D(A-A′)2 architecture: An efficient strategy to improve photovoltaic performance of small molecules for solution-processed organic solar cells

Abstract

Two novel small molecules (SMs) of BDT(TPD-DPP)2 and BDTT(TPD-DPP)2 with a D(A-A′)2 framework were designed and synthesized, in which the electron-rich benzodithiophene (BDT) and thiophenyl-substituted benzodithiophene (BDTT) are used as a central donor (D) core, as well as the electron-deficient diketopyrrolopyrrole (DPP) and thieno [3,4-c]pyrrole-4,6-dione (TPD) as dual acceptor (A and A′) units, respectively. Their optical, electrochemical, and photovoltaic properties were investigated together with their counterparts, which bearing an accepter-donor-accepter (A-D-A) architecture. Wider and stronger solar photon responses and decreasing the lowest unoccupied orbital (LUMO) levels are observed in the D(A-A′)2 rather than A-D-A type SMs.
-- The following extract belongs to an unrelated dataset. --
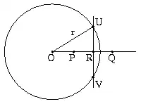 Der Punkt R liegt, anders als in der Skizze, außerhalb des Kreises, weswegen es den Schnittpunkt U nicht gibt. Denn aus Gleichung 5.) r² = OR² - PR² folgt OR² = r² + PR² > r². Der entscheidende Fehler wird also im vierten Schritt gemacht, wo ein Schnittpunkt U unterstellt wird, den es nicht geben kann.

The significantly increasing power conversion efficiency of 4.25% with a short-circuit current density of 10.08 mA cm−2 were obtained in the BDTT(TPD-DPP)2 based solar cells. This work demonstrates that using D(A-A′)2 architecture with dual acceptor units is an effective method to improve photovoltaic performance of SMs for solution-processed organic solar cells.